As an actor, Chopra Jonas is no stranger to taking risks. Whether it was Aitraaz (2004), playing an autistic girl in Barfi! (2012), or woman warrior Kashibai in Bajirao Mastani (2015), she has shown her versatility on screen. “Look at the risks she took for the roles in Barfi! and Aitraaz in her early days. Actresses today would wish for such roles,” says Vajir Singh, editor of trade magazine BoxOfficeIndia.

However, Inventus’s Doshi warns, “Celebrities who are already successful in their careers need to believe in the ventures they are investing in or working with. That is the only way they can give 100 percent time and effort to them.”

Chopra Jonas seems sorted on that front. “I came in as someone who is a believer more than anything else,” she says of Bumble. “Whether I was an investor or an advisor, all those things you can bifurcate as much as you want, but when I was sitting at that dinner, I was like wow, this is awesome, I wish I had had that when I was starting out, when I had just moved to Mumbai,” she says.

The actor-turned-investor is producing nine movies in 2019, writing a book, acting in two movies, investing in two companies, endorsing several brands and taking Unicef trips (she was appointed a Unicef National Ambassador in 2010).

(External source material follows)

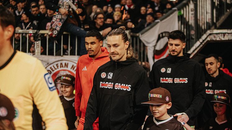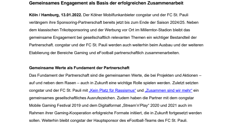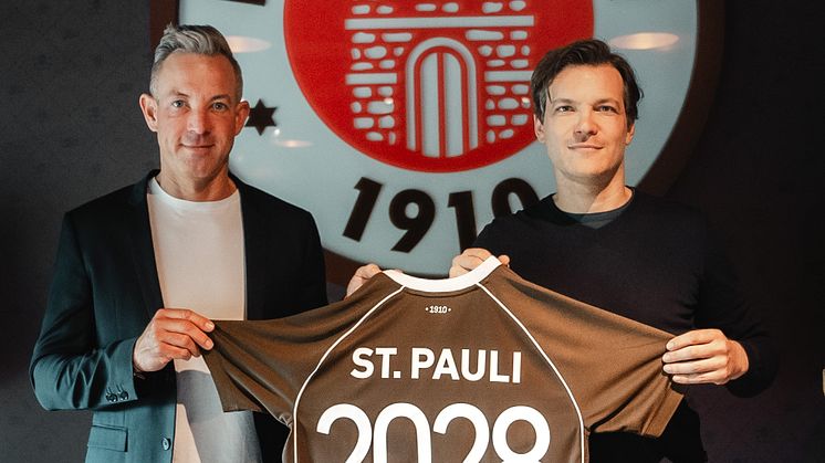 congstar Geschäftsführer Axel Orbach (links) und Wilken Engelbracht, kaufmännischer Geschäftsleiter beim FC St. Pauli (rechts), unterzeichneten die bis 2028 laufende Sponsoring-Vereinbarung im Vorfeld des Heimspiels gegen den FC Hansa Rostock

Her quest, she says, “is to do multiple things and be excellent at all of them”.

Forbes India

It’s something that Acharia says she has seen Chopra Jonas do for her entire career. “When I met Priyanka initially in London… she had a Prada bag and was wearing a scarf from Zara. I said to her you are the only person I know who would be wearing something Prada and something Zara. And she said, ‘You’ve got to be able to mix your brand, you’ve got to play at every level, you have to be everywhere’.”